Today one of Daisy's Cockapoo buddys was one year old and her other friend, Max will be one next week. We all went to Cutteslowe Park in Oxford for a doggy picnic.  It was a lovely afternoon and we all had fun. 

Daisy and the birthday girl










The doggy picnic










Yummy!










Annabel and Max










My three monkeys!


----------



## lady amanda (Nov 26, 2010)

awwwwwwww! so cute....I thought everyone would have thought I was a loon for throwing a birthday for Lady so just me and hubby did it...What a wonderful day you had.


----------



## Jedicrazy (Apr 26, 2011)

Great idea to have a doggy picnic! I can't wait for Obi's 1st birthday. All the doggy Christmas things were in PetsatHome today. The kids and I had a great time deciding what we're going to buy for him.

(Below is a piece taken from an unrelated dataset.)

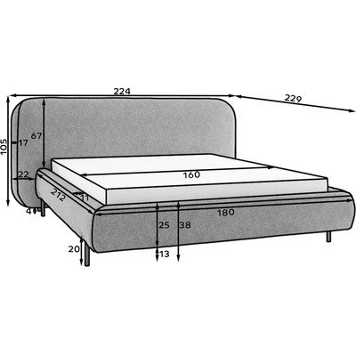 160x200 cm, ar veļas kasti, ar redelēm, polsterēta, no buklē auduma, bēša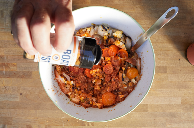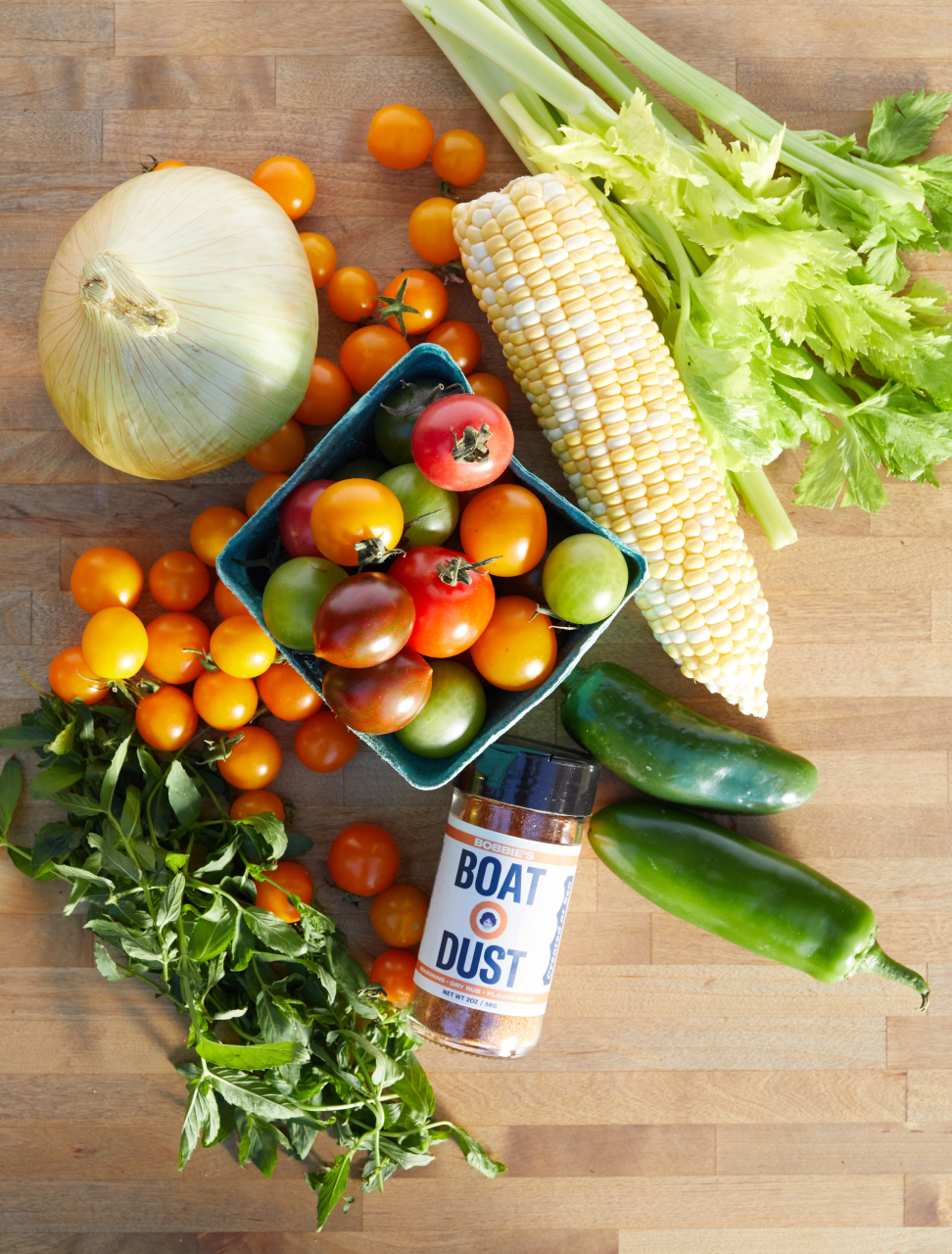 Inspired by Cajun maque choux, this salad combines sweet corn with cherry tomatoes and herbs with a little kick from Bobbie’s Boat Dust.

What beautiful children you have Sarah.


----------



## PipE (Aug 4, 2011)

Sezra said:


> Today one of Daisy's Cockapoo buddys was one year old and her other friend, Max will be one next week. We all went to Cutteslowe Park in Oxford for a doggy picnic.  It was a lovely afternoon and we all had fun.
> 
> Daisy and the birthday girl
> 
> ...


That's lovely! And I love the picture of your 'monkeys'!
X


----------



## MillieDog (Jun 1, 2011)

What a lovely idea. I might have to think of doing that for Millie, except her birthday is Jan 14, so it will be bleak mid winter


----------



## Laura(L)Izzie (Sep 9, 2011)

:O :O Millies birthday is the same day as mine Julie!!
I got very excited seeing that  HAHA


----------



## Rufini (Sep 9, 2011)

So cute!!  What a great idea - Vincent will definately be getting a birthday party, it's in July so it'll be (hopefully) a sunny day :3


----------



## JoJo (Mar 2, 2011)

Great idea to have a cockapoo birthday party in the park .. my kids wanted a cockapoo wedding :S :S


----------



## M&M's mummy (Jul 12, 2011)

JoJo said:


> Great idea to have a cockapoo birthday party in the park .. my kids wanted a cockapoo wedding :S :S


When were getting married we just had Monty at the time and the photographer asked if he was coming!!!

But he would have jumped all over me etc.

Mind you wish I did have a photo now of him with us. Could have put a little dickie bow on him too- cute


----------